Now this was the initial slide for the last class. We talked about the models. We talked about hierarchies. And chains of behavior. And we started with this topic, talking about spatial orientation by means of reflexes and what they call taxis, which are automatic orientation during locomotion. We've not talked about the role of cognitive behavior, the internal model, but we will do that today. And then finally we'll talk about the way organisms handle multiple simultaneous motivations.
So this was the last thing we talked about. A goldfish seems to pretty intelligently solve this problem. He's on one side of a barrier, food is on the other. He can see the food. So he moves towards it, but he runs into the barrier. But he has an automatic response to the barrier. It's a response called negative thigmotaxis. It's a kind of reflex involving locomotion, in which he moves away and changes directions. So he ends up moving along the barrier until he clears it. So he appears to know what to do, but in fact he's just using these simple automatic responses.

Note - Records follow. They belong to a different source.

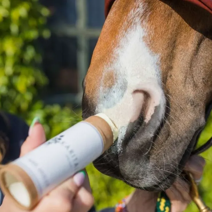 Appliquer directement sur les zones à protéger du soleil, avant chaque exposition au soleil du cheval.
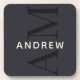 This stylish dark navy blue coaster features a modern layout with vertical monogram in big type, and your name in simple prominent horizontal type.
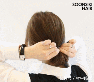 步骤2:同样,用左手按住橡皮筋,用右手轻轻拉起后脑勺的头发,然后拉上面的两根
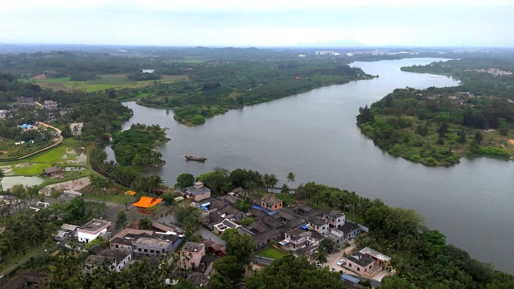 留客村毗邻万泉河,是“下南洋”的必经之路(无人机照片)。新华社记者夏天 摄
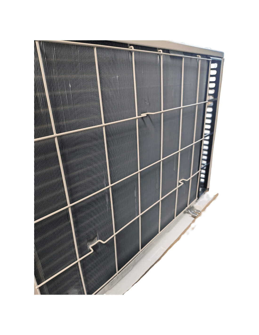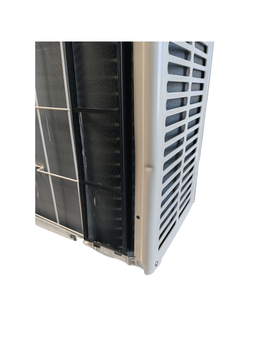 L'UNITA' ESTERNA HA DELLE AMMACCATURE SULLA PARTE POSTERIORE, LE LAMELLE SONO LIEVEMENTE DANNEGGIATE E L'IMBALLO E' DANNEGGIATO.
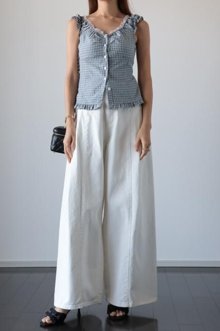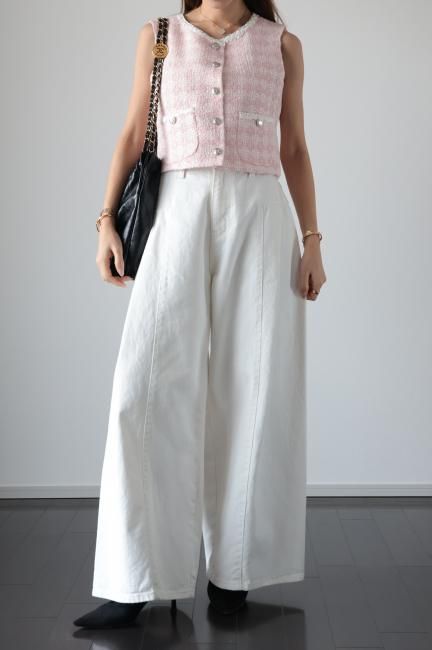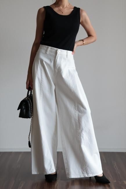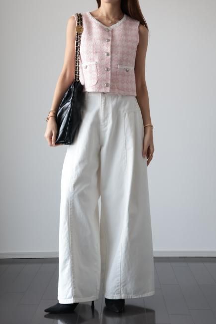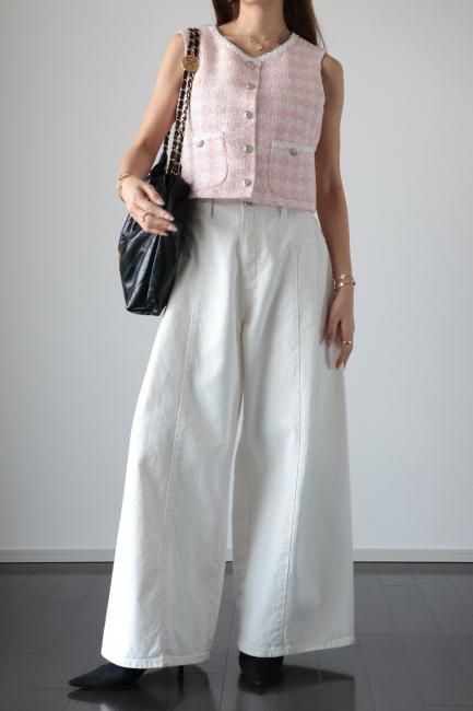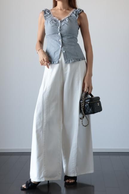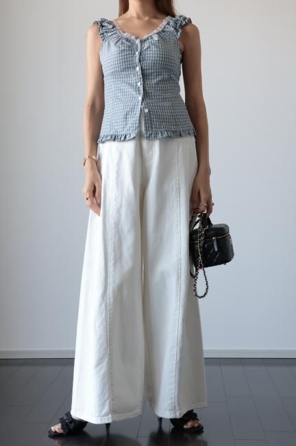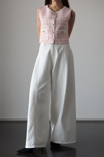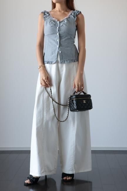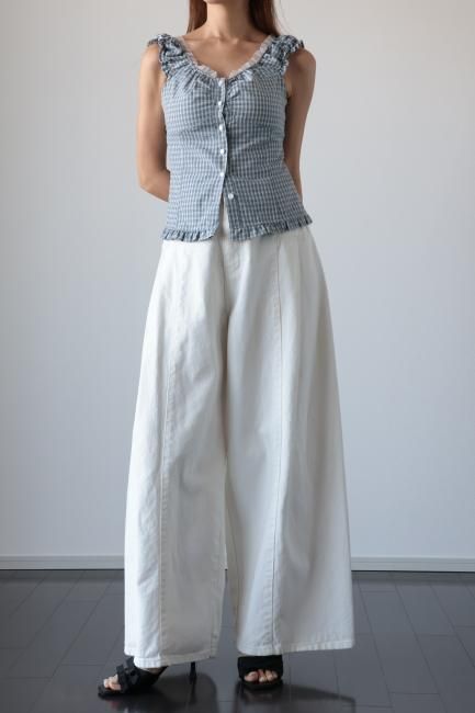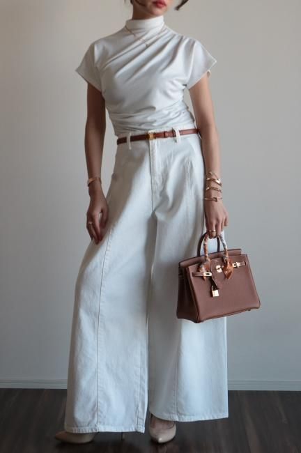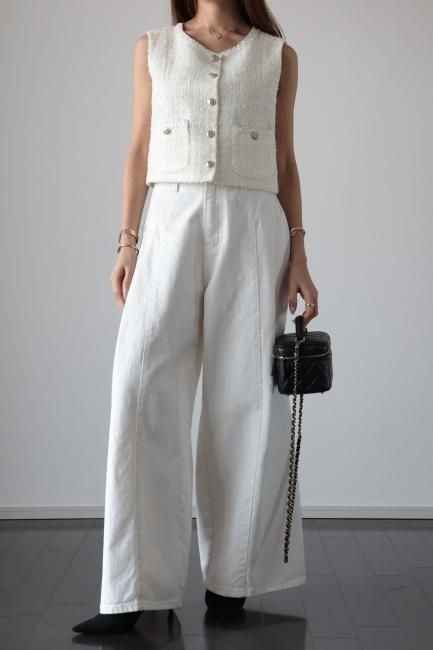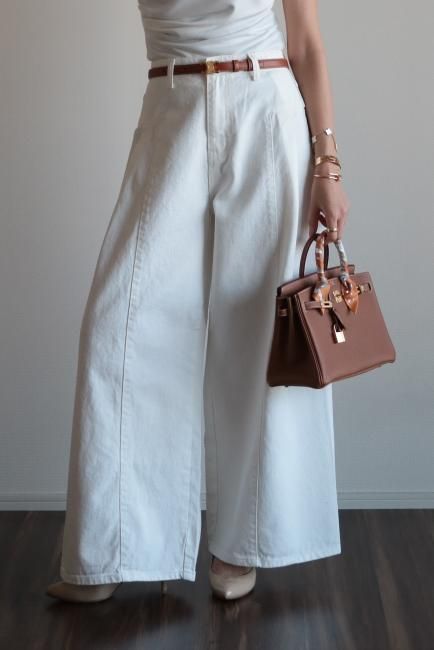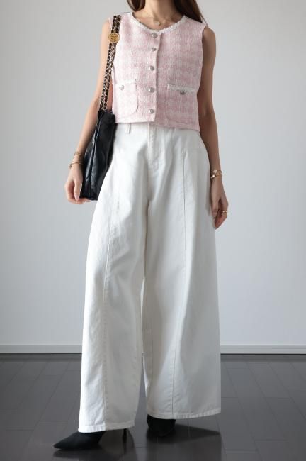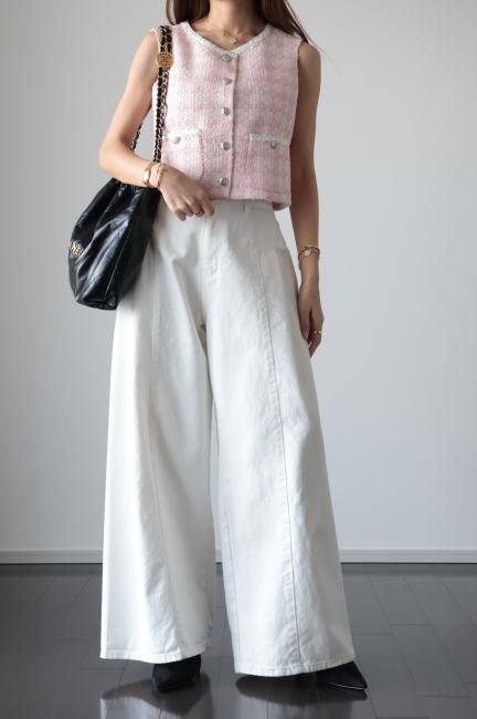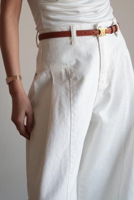フレアに広がるシルエットがとても美しく、 また上品なホワイトカラーですので 一本あるだけで様々なシーンでスタイリングを お楽しみいただける優秀itemです。
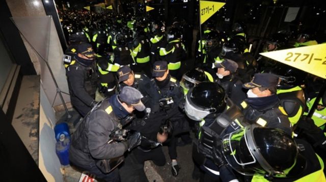 윤석열 대통령이 내란 우두머리 혐의로 구속되자 지지자들이 서울 마포구 서울서부지방법원에 난입한 19일 오전 서부지법 후문 인근에서 경찰이 시위 중인 윤 대통령 지지자를 끌어내고 있다. / 연합뉴스
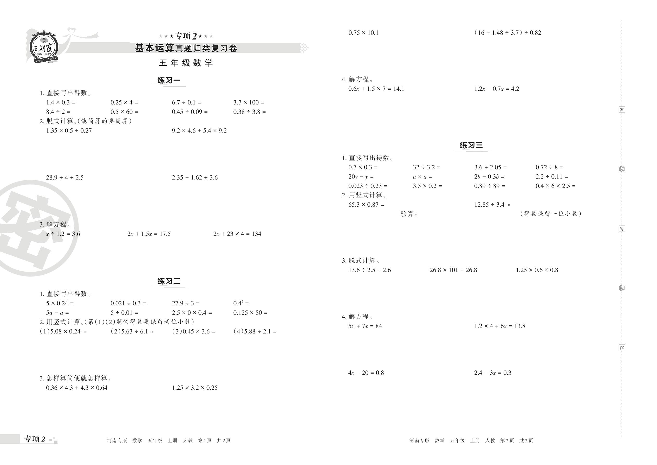 王朝霞期末专项卷——基本运算真题归类复习五年级上册数学(人教版)
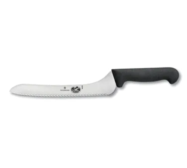Elevate Your Restaurant's Culinary Journey with the Victorinox Swiss Army, 7.6058.20, Knife, Bread / Sandwich. This high-quality knife is a must-have for any commercial restaurant. With its 9" offset wavy edge, it effortlessly slices through bread and sandwiches, ensuring precise and clean cuts every time. The black polypropylene handle provides a comfortable grip, allowing for easy maneuverability and reducing hand fatigue during long hours in the kitchen. Packaged in a convenient clamshell/peggable package, this knife is ready to use right out of the box. The Victorinox Swiss Army brand is known for its exceptional craftsmanship and durability, making this knife a reliable tool for busy restaurant kitchens. Whether you're serving freshly baked bread or crafting delicious sandwiches, this knife will enhance your culinary creations and impress your customers. Invest in the Victorinox Swiss Army, 7.6058.20, Knife, Bread / Sandwich and take your restaurant's culinary experience to new heights.
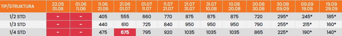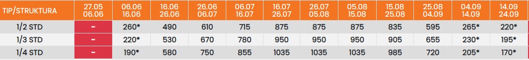 Цените во табелата со (*) се дадени по лице со превоз. За со сопствен превоз се одбива 25еур.
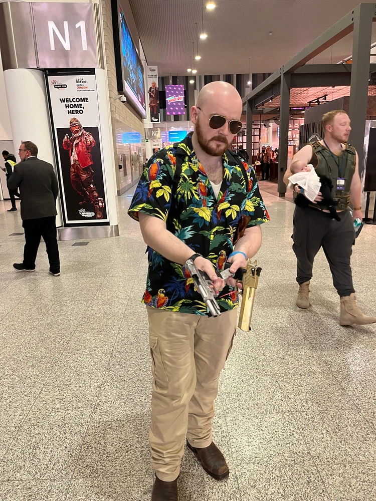 Enclave Remnant (Fallout) Max Payne (Max Payne 3) See, I like them, because I have no hair and I look deranged, anyway. Flawless execution. #falloutnv #fallout #cosplay #maxpayne #amongus
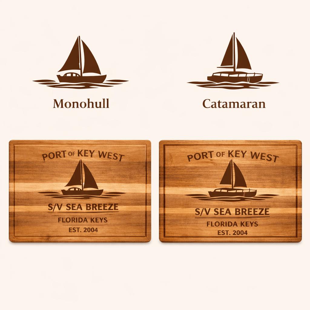 Bring the spirit of the sea into your galley with a personalized sailboat cutting board engraved with your boat name, home port, and established year. Designed for sailors, yacht owners, and ocean lovers, this premium acacia wood board is both a functional galley essential and a meaningful keepsake.
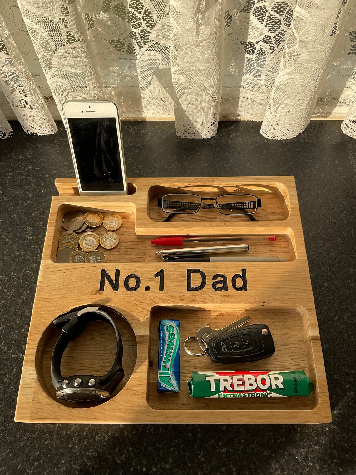 Solid oak No1 Dad personal organiser.
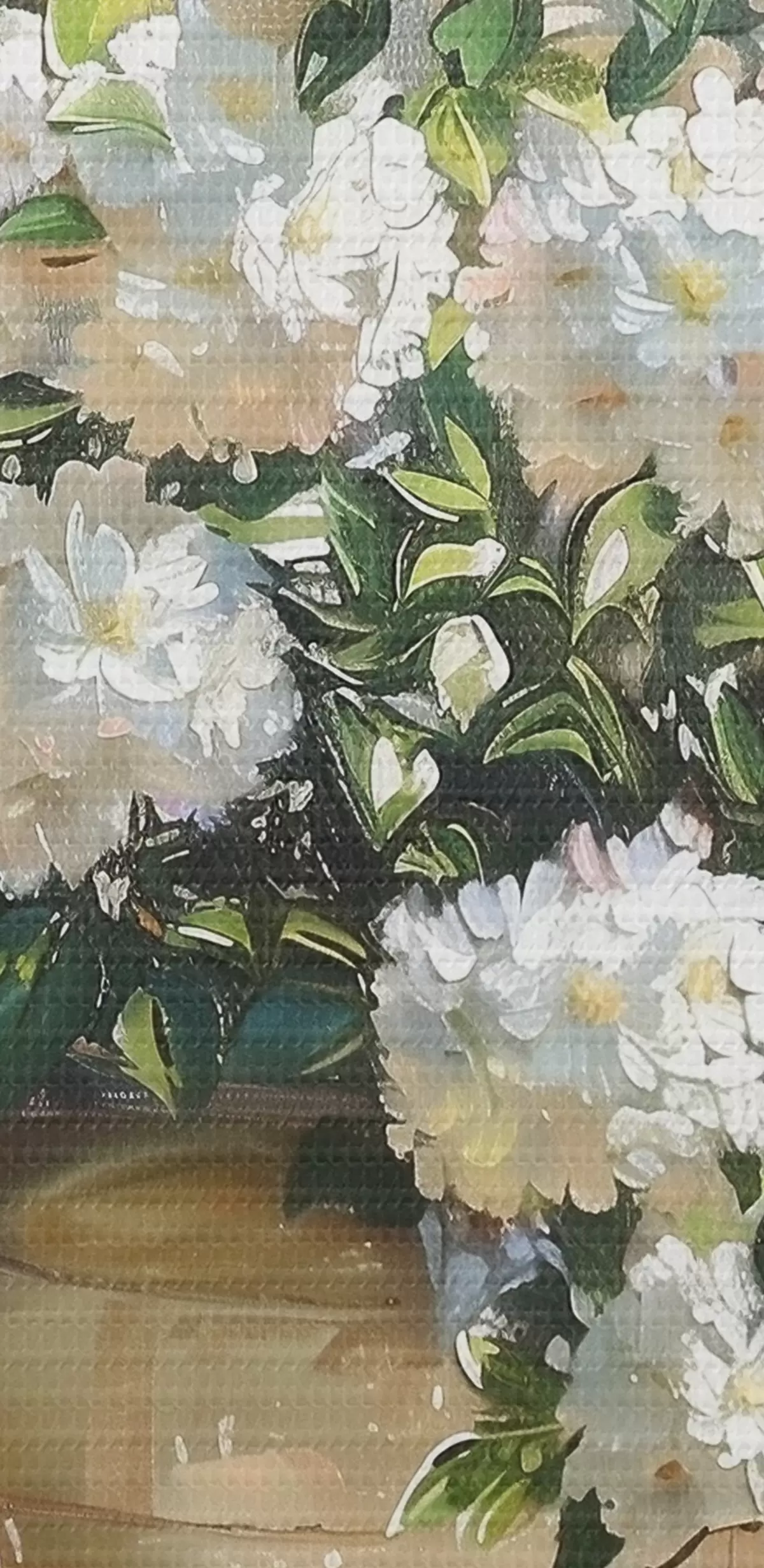 Obraz Bílé hortenzie ve váze, sluneční světlo v okně, olejomalba Č. s39779
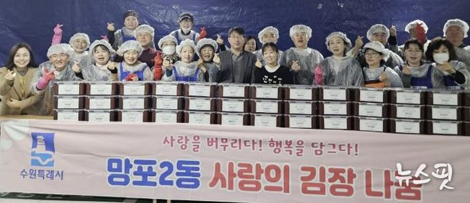 (뉴스핏 = 김호 기자) 수원시 영통구 망포2동은 지난 13일 망포2동 행정복지센터에서 2025 이웃사랑 김장 나눔 행사를 진행했다. 망포2동 새마을문고가 주관하고 망포2동 단체협의회가 후원하여 진행한 김장 나눔 행사에서 10여 명의 인원이 모여 김장 김치를 담갔다.
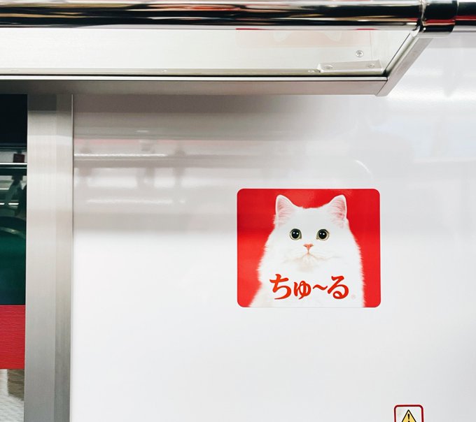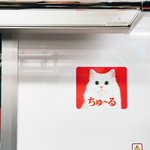 ちゅ〜る電車に乗れたのですが、ドア横ステッカーシンプルでとてもいい…すごく目立つ!かわいい! これだけで成立するちゅ〜るが育て上げたブランド力がまずすごいんだなあ
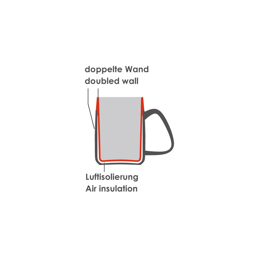 Diese Thermo-Henkelbecher verfügen über ein Doppelwandsystem mit Luftisolierung. Für größtmögliche Sicherheit beim täglichen Gebrauch sorgen die klare und moderne Zweifarbenoptik sowie der groß dimensionierte Henkel. Sie bestehen aus mikrowellenfestem PP-Kunststoff und sind mit diversen Trinkaufsätzen kombinierbar. Inhalt 320 ml, Ø 8,1 x 10,9 cm, spülmaschinenfest. Lieferzeit ca. eine Woche.
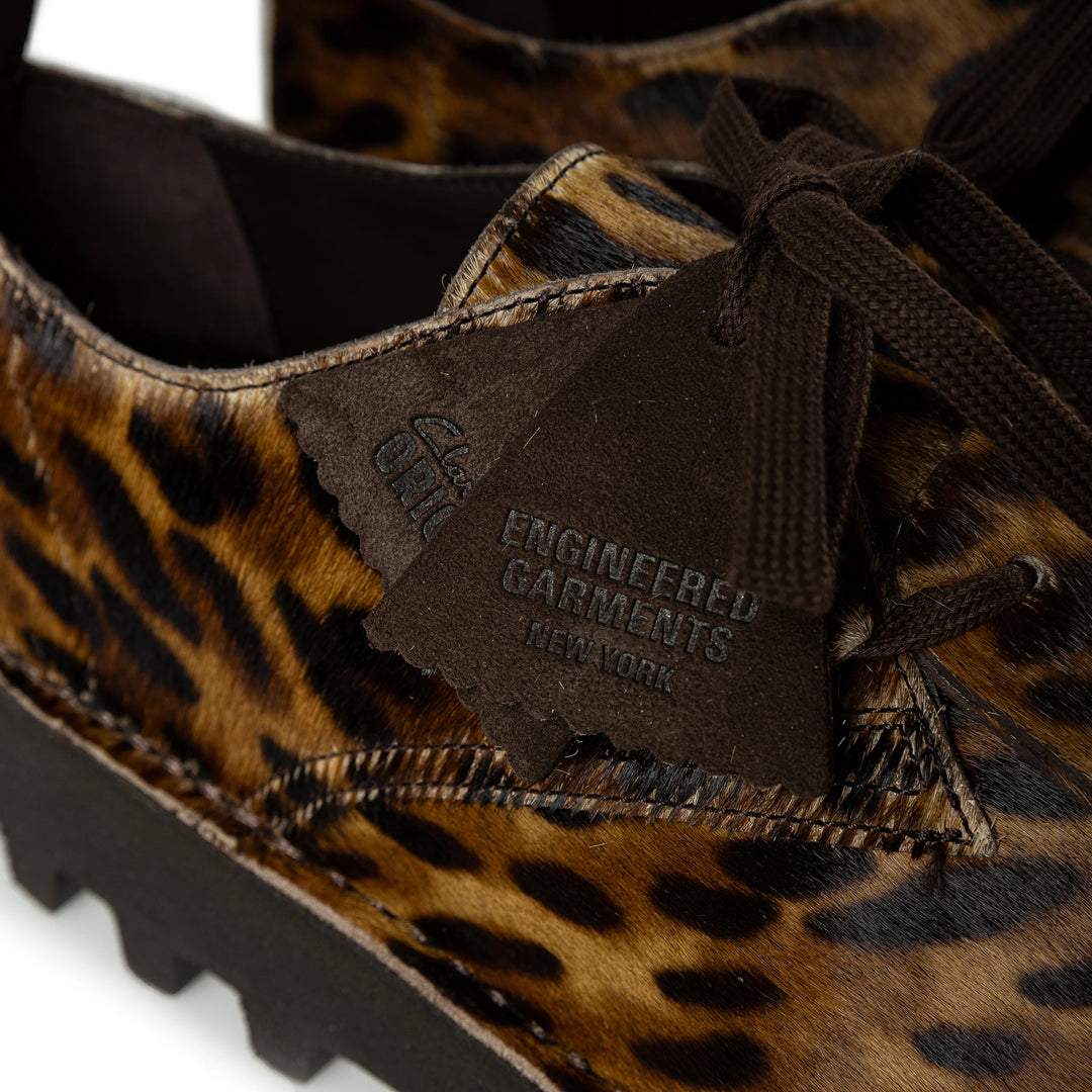 This is the second collaboration with New York-based brand Engineered Garments. This time, the limited edition is based on Clarks' masterpiece "Desert Khan". It combines different textures such as premium suede, smooth leather, and ponytail material to create a pair of shoes that injects Engineered Garments' utilitarian aesthetic. The removable quilted parts create a military feel, and the "uniform" element that is characteristic of EG is subtly present. The outsole is made of a tank sole made by Vibram®, which boasts high durability and grip. It achieves both practicality and style. The triangular key fob with the brand logo is also a detail that symbolizes the collaboration between the two companies.
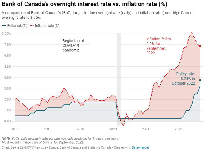 It is no secret what the Bank of Canada has been doing since March in an effort to curtail inflation. Today the bank of Canada has raised their overnight key rate for the sixth time, another 50 basis points, to bring the rate to 3.75%. This will continue to effect Windsor and the local real estate market as buyers and homwowners grapple with the increase.
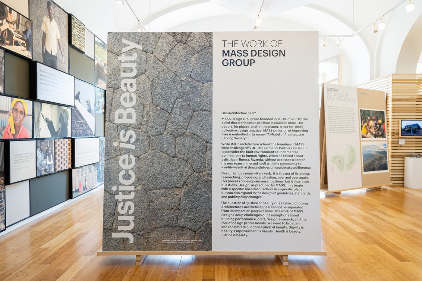 The 3,000-square-foot exhibition introduces MASS Design Group’s extraordinary portfolio, including completed buildings, proposed projects, and applied research initiatives. Photographs, videos, renderings, and models convey the firm’s groundbreaking approach to its architectural projects examining how the firm’s nonprofit status enables it to take on ambitious projects that traditional design firms might not, and how its collective organizational structure supports its mission to address society’s most challenging problems through socially conscious design strategies. In the Great Hall, visitors can experience a demonstration structure of the firm’s Lo-Fab Pavilion, created in collaboration with students and faculty at Virginia Tech School of Architecture + Design’s Center for Design Research for the 2015 Boston Design Biennial.
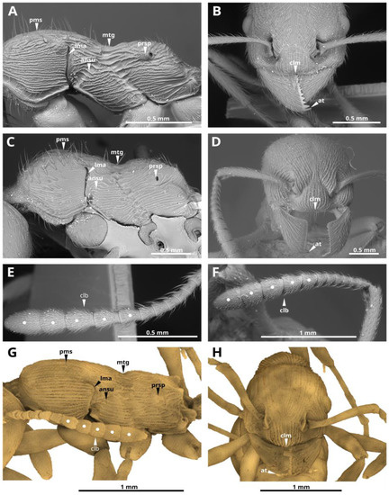 Select key features of the Manica species. SEM micrographs of M. invidia (A,B,E), M. rubida (C,D,F) and µCT volume rendering of †M. andrannae sp. n. (G,H). Worker: A,C,G—mesosoma, left lateral view; B,D,H—head, frontal view; E,F—flagellum. Abbreviations: promesonotal suture (pms), metanotal groove (mtg), propodeum spiracle (prsp), lateropronotal mesopleural articulation (lma), anapleural sulcus (ansu), clypeal margin (clm), apical tooth (at), antennal club (clb).

Now I asked at the end here, why does a dog often fail in such a situation? What does a dog do? The dog's here now. What does the dog do, trying to get to that food? And it's on the other side of a fence. Let's say an inexperienced dog-- because I'll admit that an experienced dog can learn methods of solving it. He can go around the end, but an inexperienced dog will not do that. At least not for quite a while. He will persist trying to get through that fence, long after the goldfish has already solved a similar problem.
So what does he do? What has the dog inherited that he can use to solve the problem? Without thinking about it, without learning anything? What does he do automatically? Come on, you have dogs. Some of you. Sorry?
He can dig with his paws.
Yeah, he either tries to jump over the fence or go under it. Frequently under it. They try to dig under the fence. And anybody that's kept dogs in a fenced backyard knows this problem. They do get out sometimes, and they frequently try to dig under the fence. Something that attracts them. Usually it's not food, because they're well fed if they're pets. For a male, it's usually female dogs. And I've had male dogs that either dig under fences or leap over them. Females are a little easier.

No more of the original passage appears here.